-- Material provided follows --

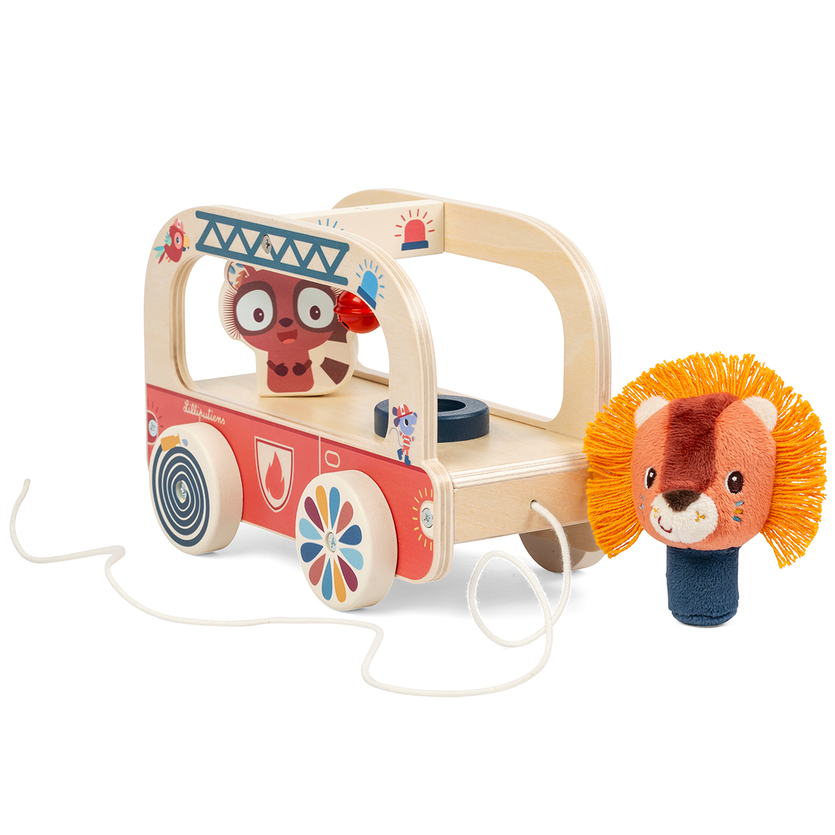 Le camion de pompiers Jack de Lilliputiens est un charmant jouet en bois qui combine motricité, imagination et beaucoup de plaisir. Ce petit camion de pompiers est idéal pour les enfants à partir de 10 mois qui aiment pousser, tirer et vivre leurs propres missions de sauvetage. Le camion de pompiers Jack de Lilliputiens combine plaisir, apprentissage et mouvement en un seul jouet. Avec ses pièces mobiles, sa sonnette et son personnage amovible, il stimule la motricité et l'imagination des jeunes enfants. Entretien : la peluche Jack Lion est lavable en machine à 30 °C, le reste du camion de pompiers peut être nettoyé avec un chiffon humide. Matériau : polyester.
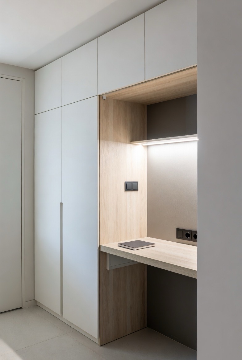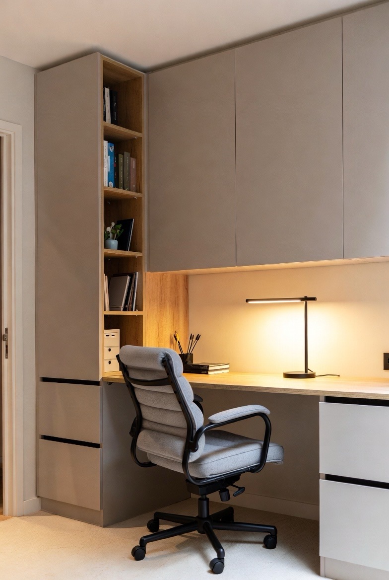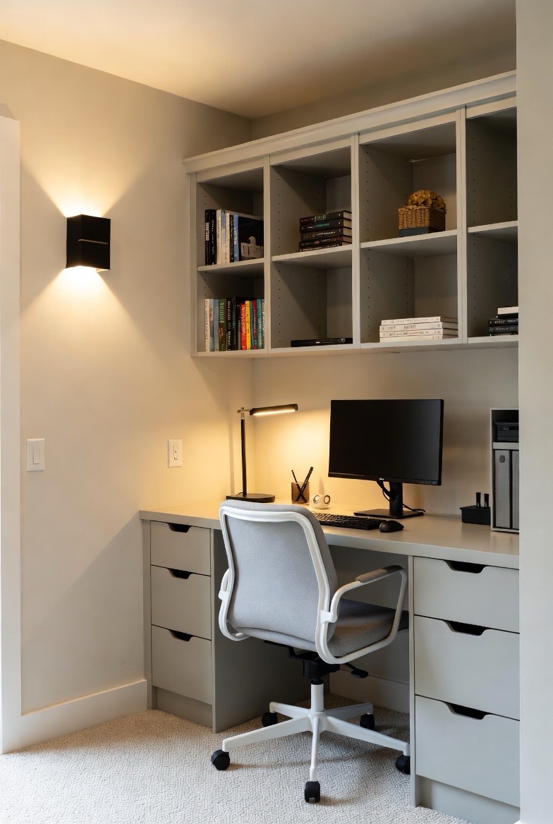 Turn an unused nook into a functional office with built-in shelving and a custom desk. Vertical storage keeps everything organized without overwhelming the room. Add warm lighting and a comfortable ergonomic chair to complete the look. This thoughtful layout makes even the smallest nook feel intentional and stylish.
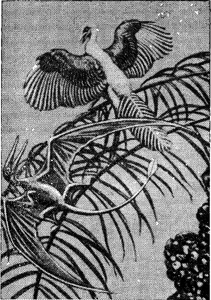 Юрские ихтиозаврыРис. 15. Летающие ящеры юрского периода: лишенный перьев птеродактиль и пернатый археоптерикс, родоначальник птиц
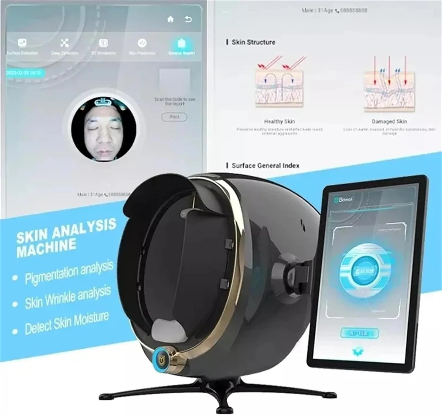 Magic mirror max is the world’s most advanced skin detection equipment together with shooting, analyzing, displaying 3 in 1. It adopts RGB, UV, PL spectral imaging technology, combines with artificial intelligence and image analysis, 30 million clinical databases, achieving 15 seconds efficient skin analysis. Such as: spot, pore, moisture, texture, wrinkle and so on total 12 dermis and epidermis skin problems. According to the test results, Magic Mirror Max recommends products for customized skin management program and predicting the trend of future skin 3-5 years. It is an essential skin detection equipment for cosmetic company, beauty salon, skin clinic and training school, the market demand rate can be as high as 100%.
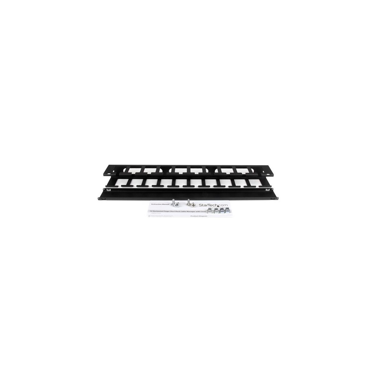StarTech.com Pannello Gestione Cavi Orizzontale per armadi rack 1U con canalina passacavi a denti e copertura. Tipo: Pannello di gestione del cavo, Colore del prodotto: Nero, Materiale della scocca: Acciaio. Larghezza: 482 mm, Profondità: 61,2 mm, Altezza: 47 mm. Larghezza imballo: 87 mm, Profondità imballo: 573 mm, Altezza imballo: 63 mm. Tipo di vite: M5, M6
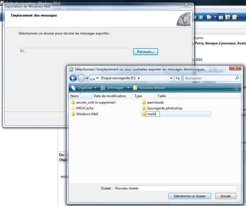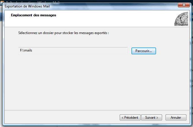 - cliquer sur "Parcourir" pour sélectionner un dossier où sauvegarder les messages
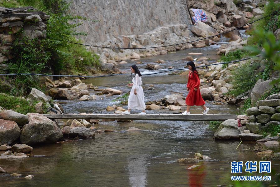 兩名女孩從烏英苗寨的烏英河橋上走過(9月2日攝)。新華社記者黃孝邦攝
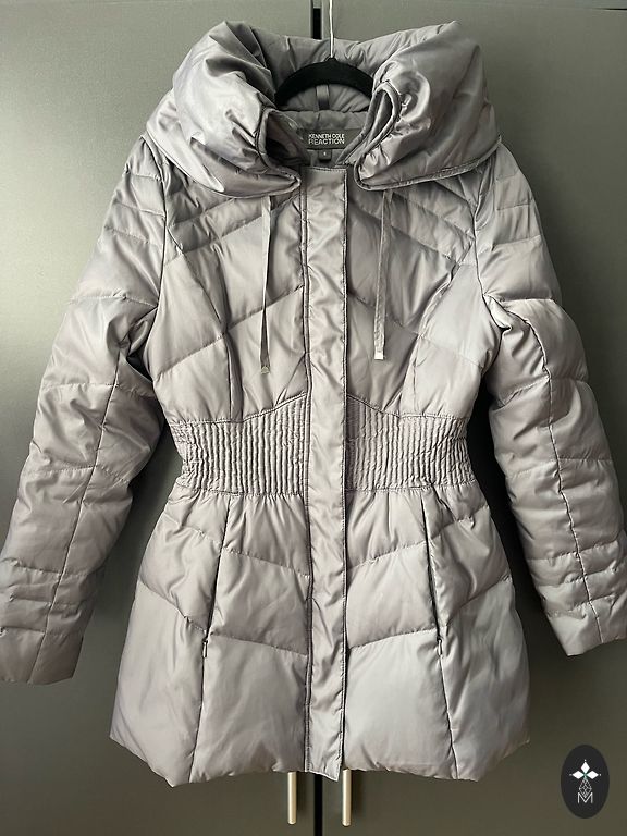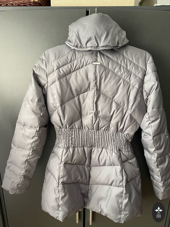 Mažai dėvėtas, prigludusios figūrai, su sagomis užsegamas apykaklės, galima skalbti skalbimo mašinoje, dydis tarp S ir M, pečių plotis 43 cm, ilgis 88 cm, pažastų apimtis 100 cm, liemens 92 cm, rankovių ilgis 63 cm.
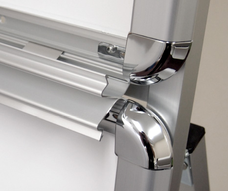 ポスターの交換は、四辺のフレームを空け、透明カバーを外してポスターをセットし、再び透明カバーを入れて四辺のフレームを閉めるだけです。
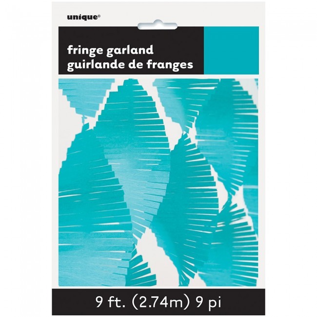 A grinalda de papel de tecido mede 2,74 m de comprimento x 15 cm de largura.
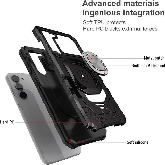 Intuitive button covers for a tactile experience. Enjoy magnetic mount compatibility, as the ring holder also functions as a built-in metal plate. Cut-outs for all the features and ports so you'll never need to take the case off.
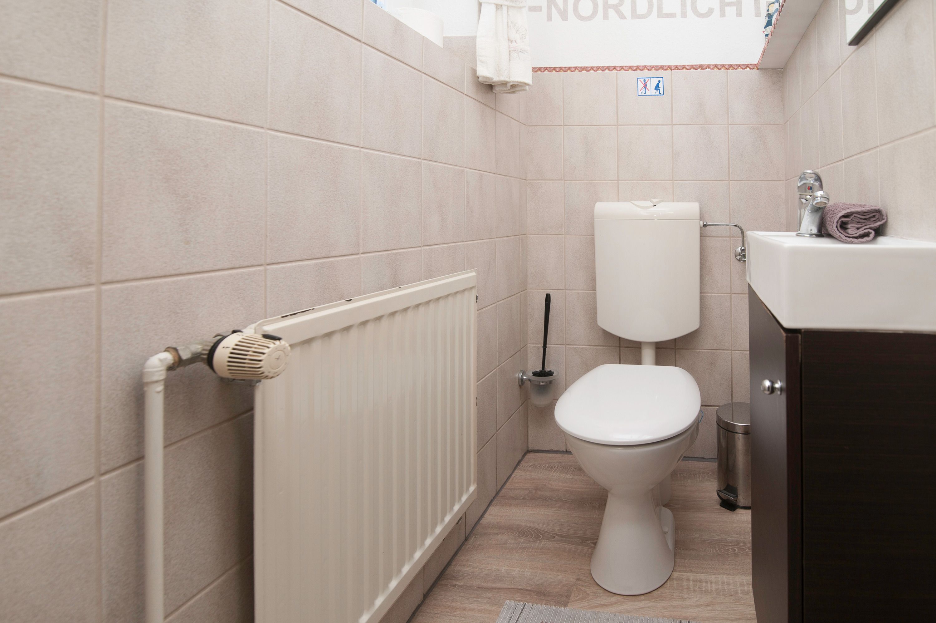 Ein zusätzliches WC befindet sich im Erdgeschoss sowie ein Abstellraum mit Waschmaschine (5 kg), Wäscheständer, Bügelbrett + Bügeleisen.
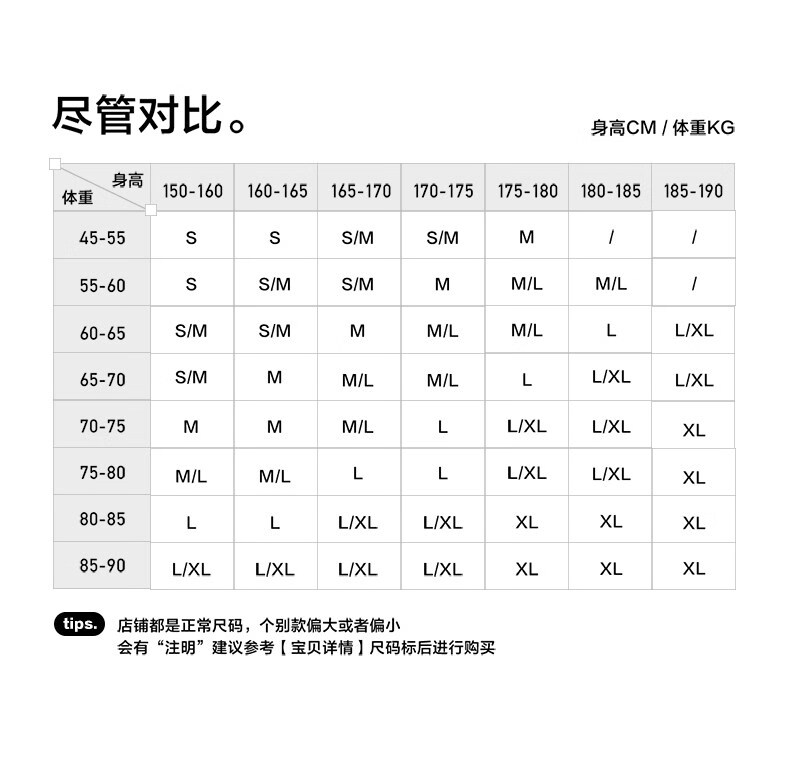 China (cm) 160-165/84-86 165-170 / 88-90 167-172 / 92-96 168-173 / 98-102 170-176 / 106-110
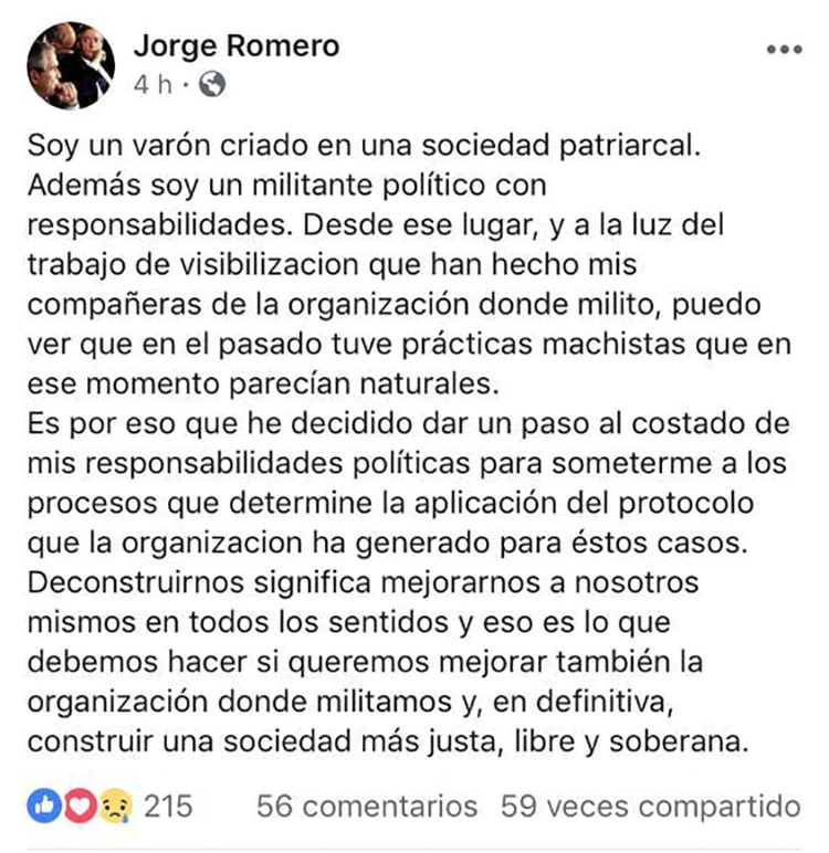 "Soy un varón criado en una sociedad patriarcal. Además soy un militante político con responsabilidades. Desde ese lugar, y a la luz del trabajo de visibilizacion que han hecho mis compañeras de la organización donde milito, puedo ver que en el pasado tuve prácticas machistas que en ese momento parecían naturales. Es por eso que he decidido dar un paso al costado de mis responsabilidades políticas para someterme a los procesos que determine la aplicación del protocolo que la organización ha generado para estos casos", escribió Romero.
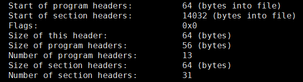 Size of program headers和Number of program headers:这两个就表示Program Header Table这块部分单个程序头的大小和程序头的个数,这个下面将到这部分时我们再细讲。
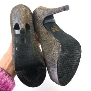 Stunning gold/pewter sparkle platform pumps. Depending on how you move these mesmerizing shoes catch the light and will make your feet the star of the OUTFIT. In like new condition- pretty enough to be an ornament or decor for your closet or coffee table!
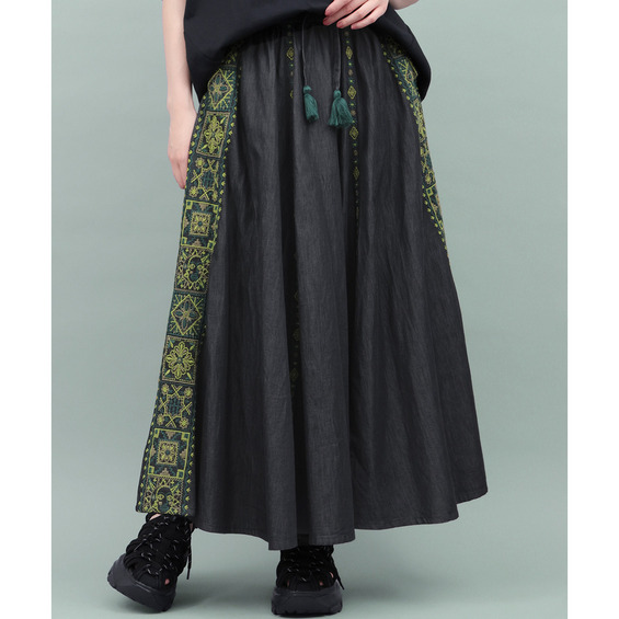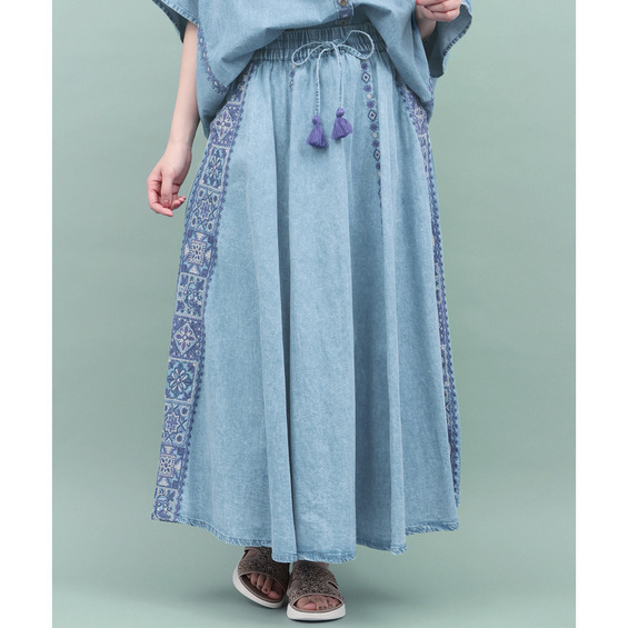 • Rico ライトデニムメヒコタイル刺繍フレアスカート21

-- Material provided concluded --

§ Description of the task: Copy the lines above between the one holding "Ein zusätzliches WC" and the one holding "China (cm) 160-165/84-86", inclusive. Drop the pictures.

§ Reply:
 Ein zusätzliches WC befindet sich im Erdgeschoss sowie ein Abstellraum mit Waschmaschine (5 kg), Wäscheständer, Bügelbrett + Bügeleisen.
 China (cm) 160-165/84-86 165-170 / 88-90 167-172 / 92-96 168-173 / 98-102 170-176 / 106-110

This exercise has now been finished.